[WHAT YOU SHOULD DO]
Set down exactly the lines in the records below that run from the line with "- 카드포인트 통합조회" to the line with "green light, illuminated, isolated, red", inclusive, and nothing more.

*** Opening SUPPLIED INFORMATION ***

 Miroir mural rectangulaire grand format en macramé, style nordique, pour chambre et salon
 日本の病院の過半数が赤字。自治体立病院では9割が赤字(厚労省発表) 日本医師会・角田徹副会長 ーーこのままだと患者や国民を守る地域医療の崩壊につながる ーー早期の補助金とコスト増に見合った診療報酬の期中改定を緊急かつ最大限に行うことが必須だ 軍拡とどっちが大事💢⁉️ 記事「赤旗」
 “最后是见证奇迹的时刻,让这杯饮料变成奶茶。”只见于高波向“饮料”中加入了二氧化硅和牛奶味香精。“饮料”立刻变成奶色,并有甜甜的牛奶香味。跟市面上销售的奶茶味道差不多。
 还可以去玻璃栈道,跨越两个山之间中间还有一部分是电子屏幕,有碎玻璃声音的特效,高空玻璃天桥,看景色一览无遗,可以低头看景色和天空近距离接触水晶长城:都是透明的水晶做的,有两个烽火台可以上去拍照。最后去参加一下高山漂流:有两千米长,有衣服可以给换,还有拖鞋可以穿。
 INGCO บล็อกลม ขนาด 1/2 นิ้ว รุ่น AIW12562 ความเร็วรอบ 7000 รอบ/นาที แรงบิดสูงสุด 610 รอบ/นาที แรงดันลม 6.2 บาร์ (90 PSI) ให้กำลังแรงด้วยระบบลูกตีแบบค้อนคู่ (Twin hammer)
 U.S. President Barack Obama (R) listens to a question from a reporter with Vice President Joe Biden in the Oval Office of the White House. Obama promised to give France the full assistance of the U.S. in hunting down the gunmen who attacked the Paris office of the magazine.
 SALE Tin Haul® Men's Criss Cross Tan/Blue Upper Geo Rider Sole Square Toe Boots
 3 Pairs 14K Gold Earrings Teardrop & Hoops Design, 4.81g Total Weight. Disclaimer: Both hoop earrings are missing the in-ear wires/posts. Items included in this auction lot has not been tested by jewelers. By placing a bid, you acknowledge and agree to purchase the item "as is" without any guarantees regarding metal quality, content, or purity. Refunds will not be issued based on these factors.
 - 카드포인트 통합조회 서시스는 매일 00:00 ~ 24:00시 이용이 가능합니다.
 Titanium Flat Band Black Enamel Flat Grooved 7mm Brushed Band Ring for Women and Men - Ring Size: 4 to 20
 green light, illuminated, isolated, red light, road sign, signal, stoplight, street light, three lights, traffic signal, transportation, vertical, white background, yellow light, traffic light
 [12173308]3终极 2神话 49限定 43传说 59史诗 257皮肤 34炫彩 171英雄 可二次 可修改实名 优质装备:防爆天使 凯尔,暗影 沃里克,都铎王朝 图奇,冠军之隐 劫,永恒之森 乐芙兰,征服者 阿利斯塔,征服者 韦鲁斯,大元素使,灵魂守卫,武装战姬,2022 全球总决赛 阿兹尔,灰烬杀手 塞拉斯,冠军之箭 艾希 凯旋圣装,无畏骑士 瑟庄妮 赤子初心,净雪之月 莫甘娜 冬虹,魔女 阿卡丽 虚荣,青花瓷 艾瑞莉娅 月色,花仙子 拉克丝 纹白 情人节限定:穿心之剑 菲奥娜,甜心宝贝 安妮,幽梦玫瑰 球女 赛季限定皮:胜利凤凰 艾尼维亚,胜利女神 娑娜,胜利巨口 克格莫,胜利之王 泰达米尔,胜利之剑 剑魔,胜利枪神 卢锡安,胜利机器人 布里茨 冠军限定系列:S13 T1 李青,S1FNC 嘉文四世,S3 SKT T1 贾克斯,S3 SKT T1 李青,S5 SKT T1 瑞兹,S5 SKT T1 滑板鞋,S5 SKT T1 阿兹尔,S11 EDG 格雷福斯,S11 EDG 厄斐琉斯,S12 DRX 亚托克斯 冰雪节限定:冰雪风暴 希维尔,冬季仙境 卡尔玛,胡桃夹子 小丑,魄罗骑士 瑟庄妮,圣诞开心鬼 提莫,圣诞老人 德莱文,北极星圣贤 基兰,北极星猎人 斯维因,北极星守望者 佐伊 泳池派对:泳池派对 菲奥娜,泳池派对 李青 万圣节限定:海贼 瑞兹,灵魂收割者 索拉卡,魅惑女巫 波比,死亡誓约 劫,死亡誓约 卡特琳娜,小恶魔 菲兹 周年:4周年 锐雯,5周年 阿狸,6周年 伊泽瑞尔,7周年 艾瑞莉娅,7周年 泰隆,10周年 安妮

*** Closing SUPPLIED INFORMATION ***

[PROBLEM SOLUTION]
 - 카드포인트 통합조회 서시스는 매일 00:00 ~ 24:00시 이용이 가능합니다.
 Titanium Flat Band Black Enamel Flat Grooved 7mm Brushed Band Ring for Women and Men - Ring Size: 4 to 20
 green light, illuminated, isolated, red light, road sign, signal, stoplight, street light, three lights, traffic signal, transportation, vertical, white background, yellow light, traffic light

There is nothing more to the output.